The quintet hadn’t been together like this since the writers’ strike brought them all to the same table, and this time the occasion was bittersweet: a send-off for the man who built one of late night’s most politically sharp and genuinely warm hours of television. Over the course of the conversation, Colbert opened up about what he’ll carry with him — and what he could barely handle while it was happening.
The Guest He Couldn’t Look At
Jimmy Kimmel, never one to let a moment of vulnerability go unexplored, asked Colbert whether he’d ever had a guest so attractive it became a genuine problem. Colbert had an answer ready.
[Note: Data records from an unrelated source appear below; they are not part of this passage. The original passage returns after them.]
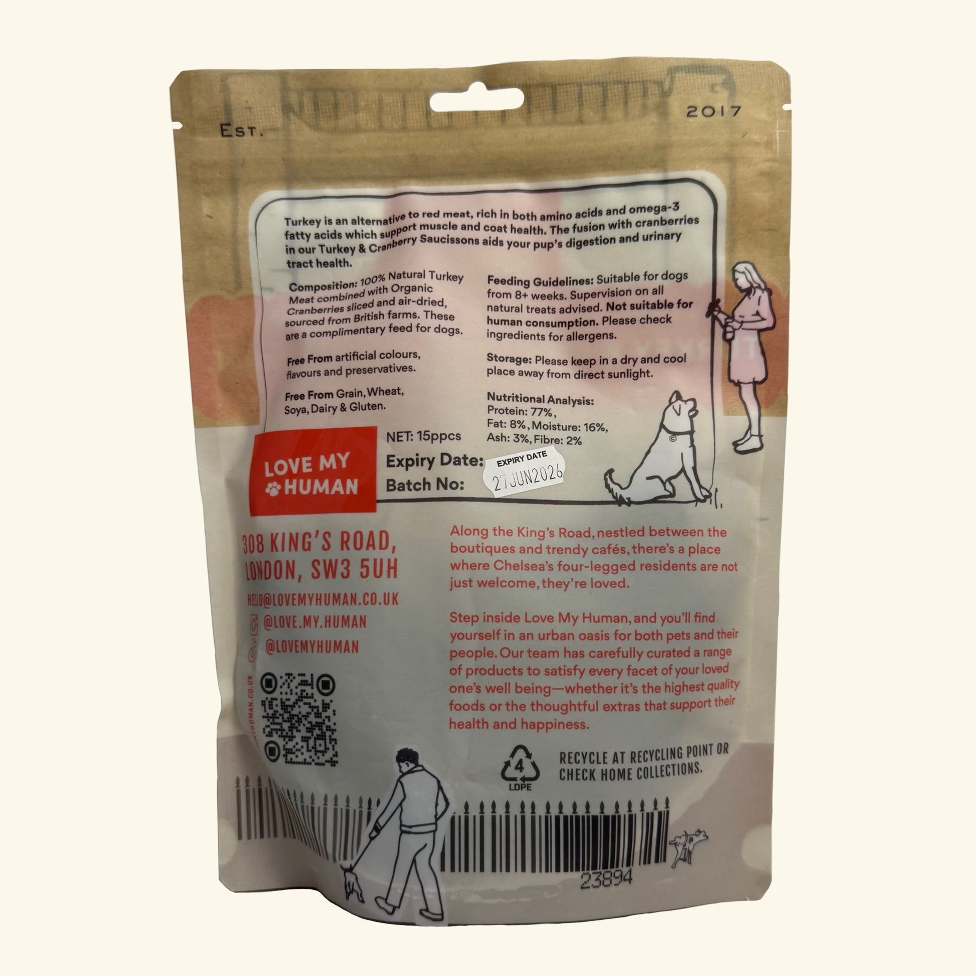 Composition: 100% natural turkey meat combined with organic cranberries sliced and air-dried and sourced from British farms and contain no other ingredients. Free from artificial ingredients and preservatives. Grain, wheat, soya, dairy & gluten free.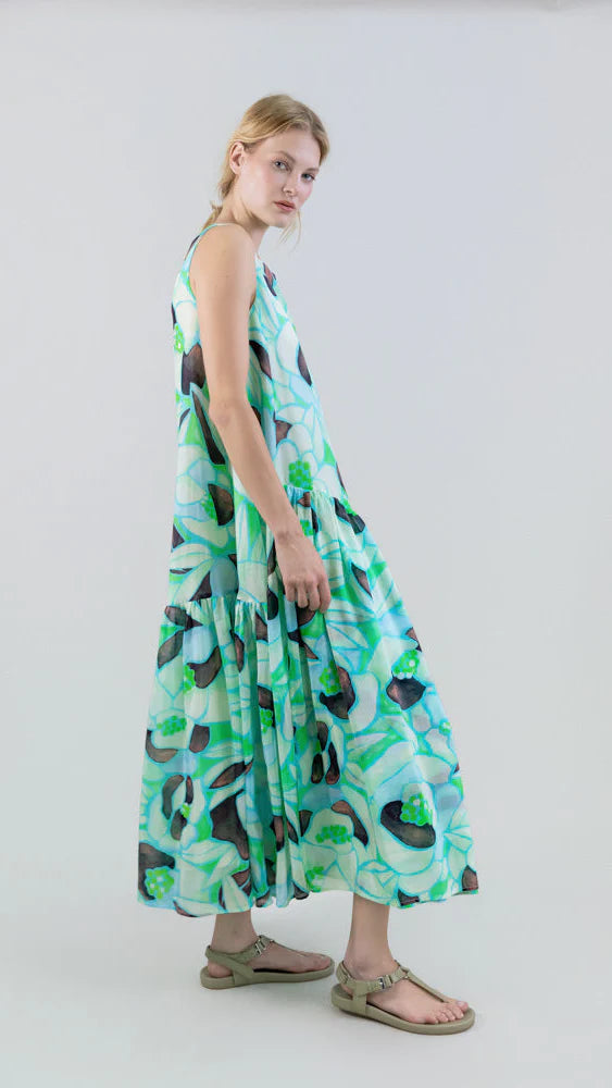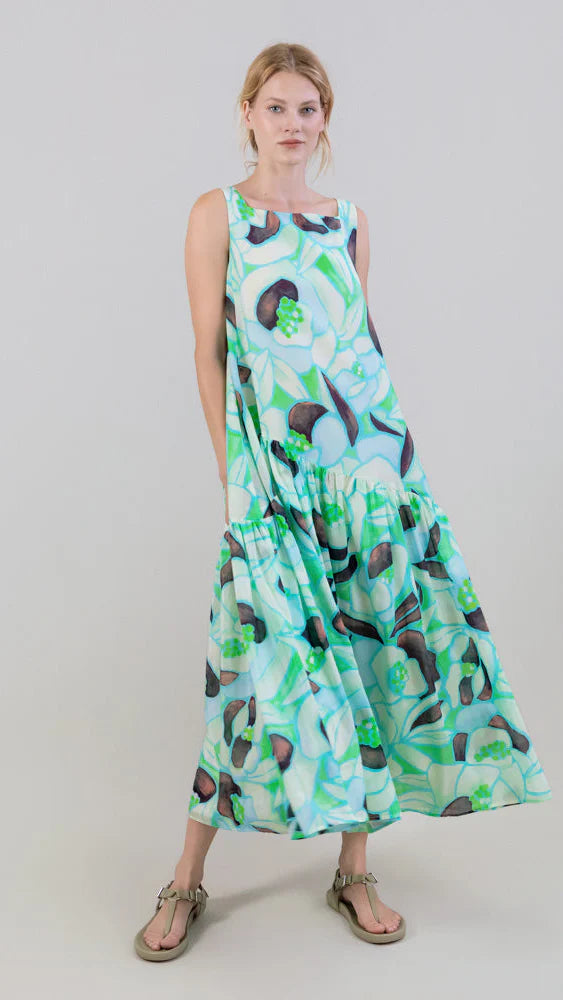 The collection's exclusive print , inspired by light filtering through leaves, combines pastel shades, soft greens, and cream hues that evoke serenity. Its organic and fluid shapes, outlined in turquoise, create depth, movement, and visual harmony, reinforcing the dress's artistic and contemporary character. An ideal piece for women seeking a feminine, modern look.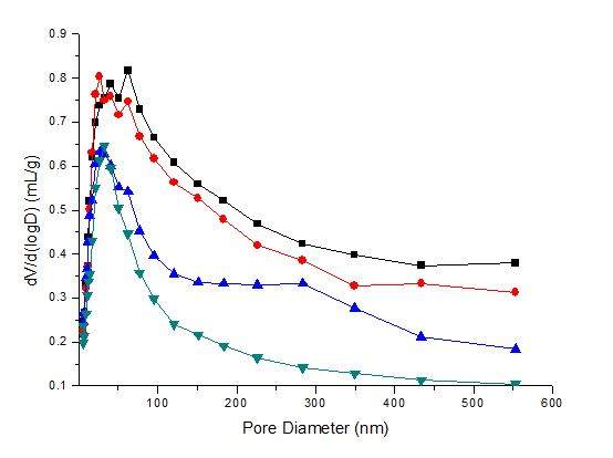 最近做了一组压汞测试:画出了孔径分布图,但是总觉得不太对劲: (1)文献上的图最低点是0,而我的图除了一条曲线是这样,其它的纵坐标都偏高,是怎么回事? (2)曲线平缓处所代表的值是否表明在此处孔径有一定数量的孔,但是不多? (3)dV/dlogD-D和dV/dD-D的图区别很大,是为什么? 捕获1.JPG 捕获2.JPG |

“I’ll tell you who I did not expect to be wildly attracted to,” he told the group. “I did not know what to do with my eyeballs when Michelle Williams was on for the first time.”
Williams — the Dawson’s Creek alum who has since become one of the most acclaimed actresses of her generation — first appeared on the show in 2019 to promote the FX miniseries Fosse/Verdon. She returned earlier this year to discuss Dying for Sex, the Hulu limited series for which she won a Golden Globe. But it was that first visit that apparently left Colbert completely undone.
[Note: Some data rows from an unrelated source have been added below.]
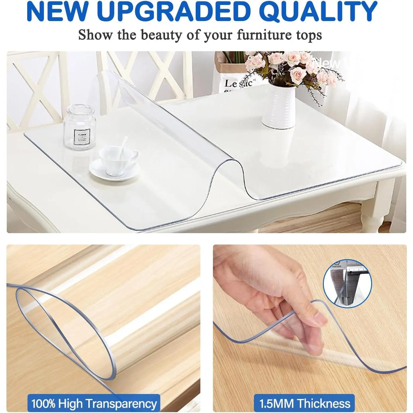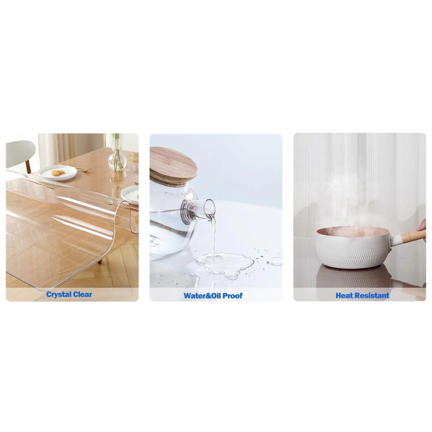 Our table covers are made of highly transparent polyvinyl chloride material with good abrasion resistance and anti-slip properties.Laying it on the tabletop effectively cleans stains, insulates from high temperatures and protects furniture surfaces from scratches, abrasions and other damages.
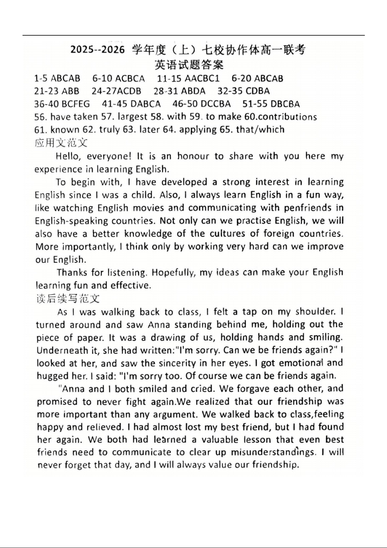 高一英语答案--辽宁省七校协作体2025-2026学年高一上学期10月联考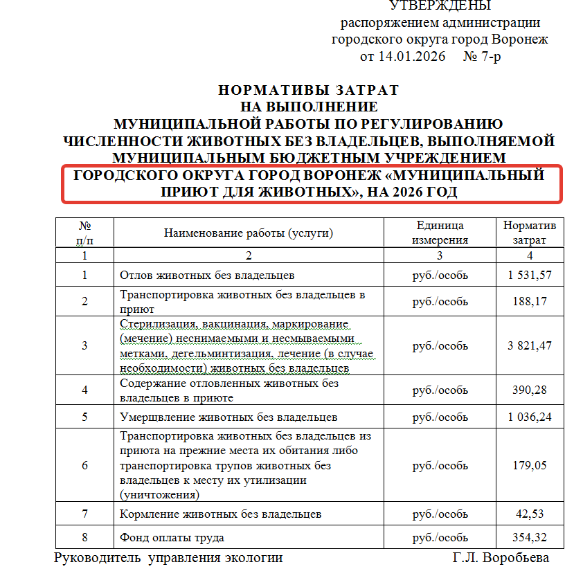 Мэрия Воронежа объявила на 2026 год новые нормативы затрат по регулированию численности животных без владельцев. Стоимость этих услуг, оказываемых бюджетным учреждением «Муниципальный приют для животных», на первый взгляд, кажется небольшой. Однако на деле это не так: только одна полная услуга по «регулированию численности животных без владельцев», например, одной бездомной собаки, может составлять месячный прожиточный минимум одного воронежского пенсионера.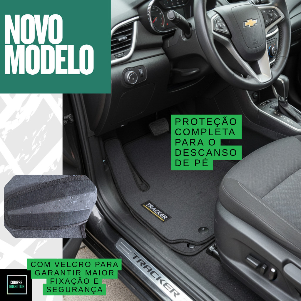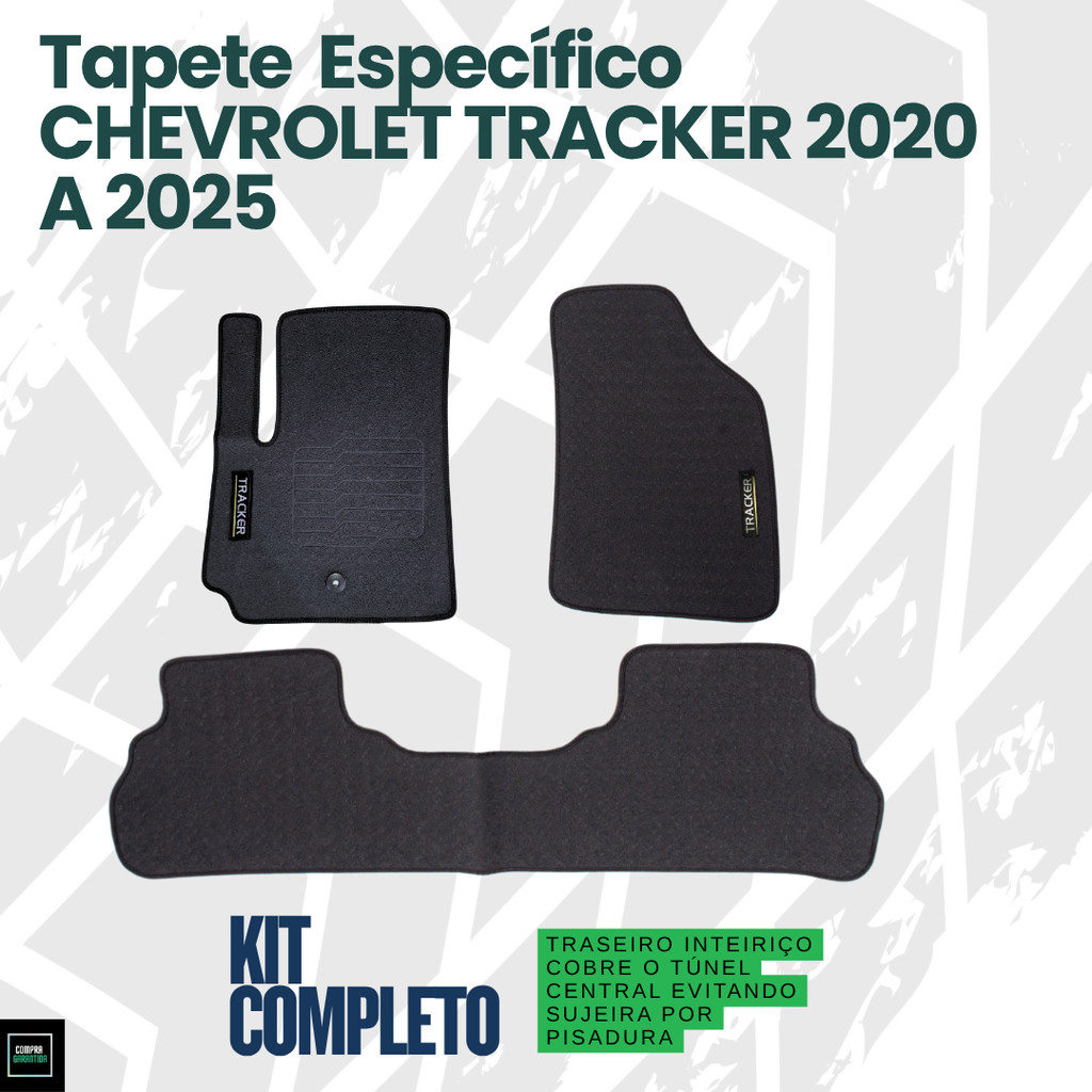 Jogo Tapete Emborrachado Chevrolet Tracker Anos 2020 Á 2025 Com Descanso Pé Impermeável Logo Bordado

“She sat down across from me and I went, ‘F—k, what is wrong with my head? I’d better not look directly at her for this entire interview,’” he said. He added that he finds her “so beautiful” — not just in a conventional sense, but something about her “vibe” and “face” that he genuinely didn’t see coming.
Williams wasn’t alone on Colbert’s list. He also copped to a long-standing “Rachel Weisz problem.” “When Rachel Weisz would be on, I would leave the building for fear I would say something stupid,” he said. Rebecca Ferguson also made the cut. And then there was Andrew Garfield.
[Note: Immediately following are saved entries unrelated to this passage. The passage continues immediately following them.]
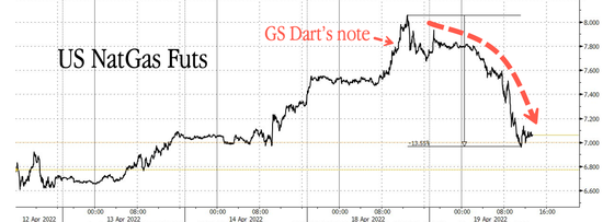 本週一美國天然氣價格飆升至13年高位,自2008年以來首次突破8美元。而就在價格見頂的2小時之前,高盛(341.06, 5.11, 1.52%)天然氣研究主管Samantha Dart對客戶表示,天然氣價格“可能過高”。
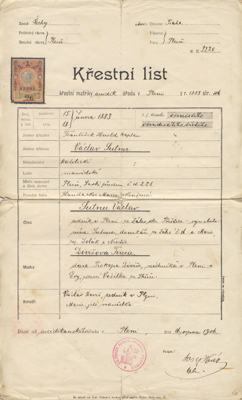 Křestní list (1906)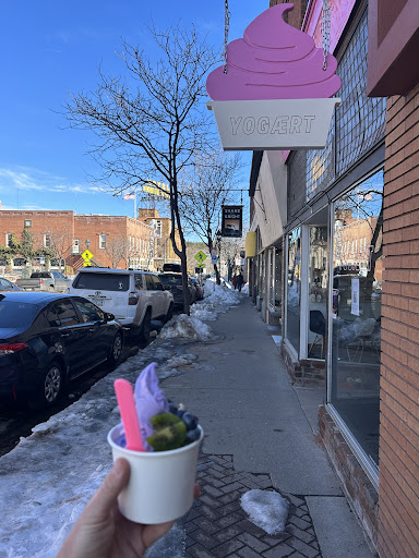 So, this frozen yogurt (sorry, "yogaert") place is not for everyone. It wasn't for us. My wife and I were really excited that there was finally an opportunity again for frozen yogurt in town, and tried it out last night. Here's what I didn't like about it. (1) The environment. They had a boom box propping open the door that was blasting music both into and out of the store. This made it impossible for my wife and I to sit and converse while eating. A group of three people were standing in the middle of the place shouting at each other to be heard over the din. Amusingly, the people behind the counter seemed oblivious to this, as they attempted to engage us in conversation ("Is this your first time here?" I finally figured out) as soon as we had walked into the place. The store is cavernous, with little tables of kitsch for sale (gaudy tourist refrigerator magnets, for instance). There were glaring purple lights shining down on our table by the door. Simply: I found sitting there unpleasant. (2) The prices. People have commented on this already. My wife and I both filled our cups about 1/3rd full of the "product" and together it came to $23. That's a lot more than I've ever experienced at frozen yogurt shop. (3) The quality. There were only 5 flavors to choose from. One was labeled vegan; there was no indication if any of the others were low-fat or not. My wife and I kept it simple, just vanilla and chocolate. But the chocolate tasted like fudge syrup, and I don't rightly know how to describe the vanilla. I put a few blueberries and strawberries on but when I went to squirt some whipped cream out of a can, it came as a warm yucky melted blob. The cans weren't on ice or anything---just sitting out for who knows how long---and further spoiled the treat for me. On the positive side, the people behind the counter were very nice. Maybe you won't be put off as much by the environment or other things as we were---reading these comments I guess many others weren't bothered by them. So, to each their own. But we didn't like it, and we...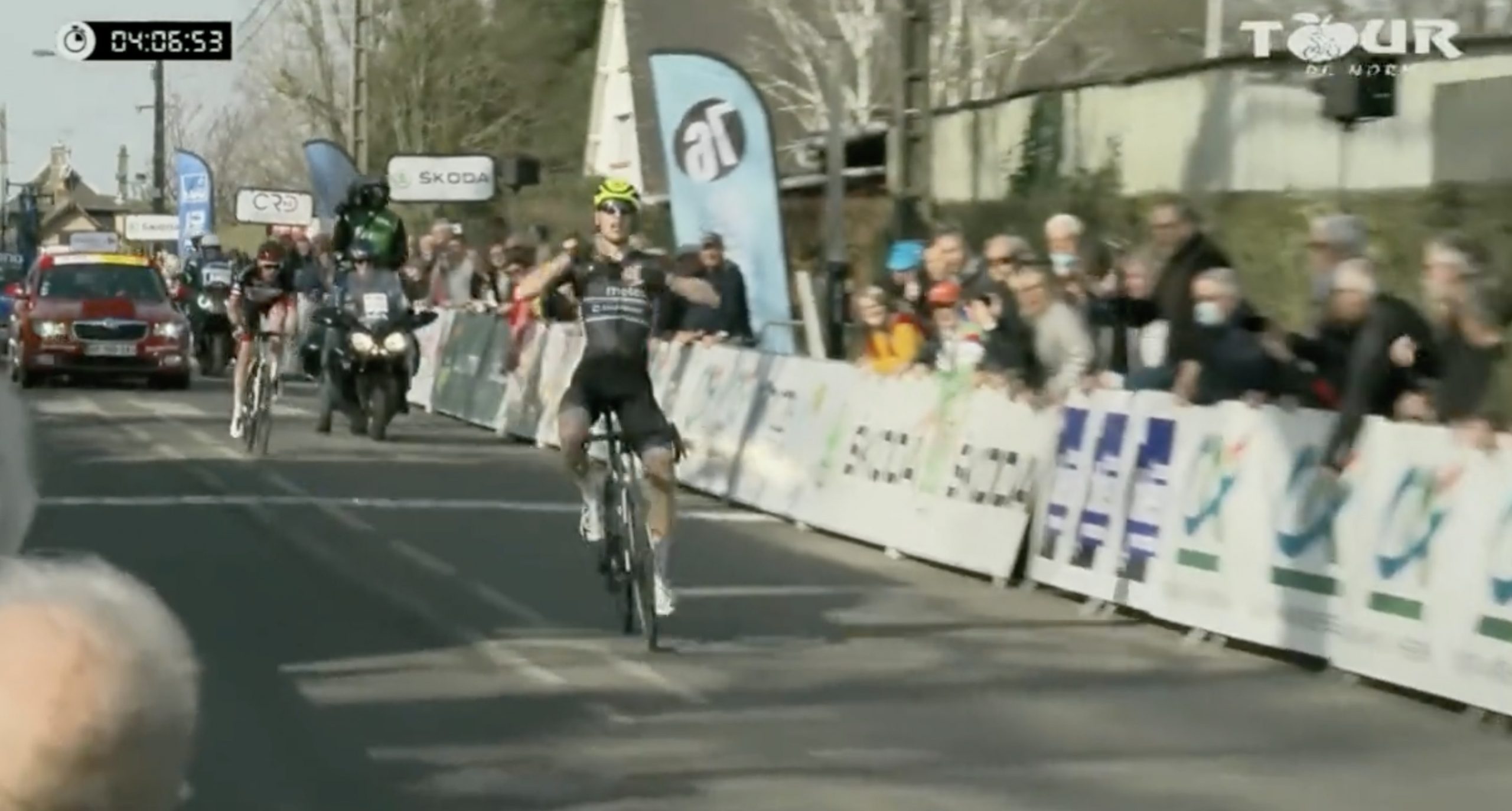 Pourquoi pantois ? Parce qu’il l’observe célébrer alors qu’il reste un tour à faire. Le Hollandais comprend vite qu’il vient de se taper la honte et en plus de griller des calories dans le vent. 15 kilomètres plus tard, c’est son compatriote Casper van Uden qui va lever les bras au sprint. Pour une bonne raison cette fois.

“Andrew Garfield, he is so attractive,” Colbert laughed, as Kimmel immediately pounced: “And you kissed him!” Colbert clarified — or tried to: “Or he kissed me. We did get our hands tangled in each other’s hair. It was really nice.” The smooch happened during a January 2017 episode, and it apparently left an impression on both of them.
The on-screen kiss theme wasn’t just a podcast talking point this week. On Tuesday night’s Late Show, Colbert shared kisses with both Julia Louis-Dreyfus and Pedro Pascal. Louis-Dreyfus, after hearing Colbert’s list of past on-camera kisses — which includes Sally Field, Helen Mirren, Allison Janney and Jeff Daniels — made clear she wanted in. Pascal needed even less convincing. He sat down on the couch and immediately pointed to his lips.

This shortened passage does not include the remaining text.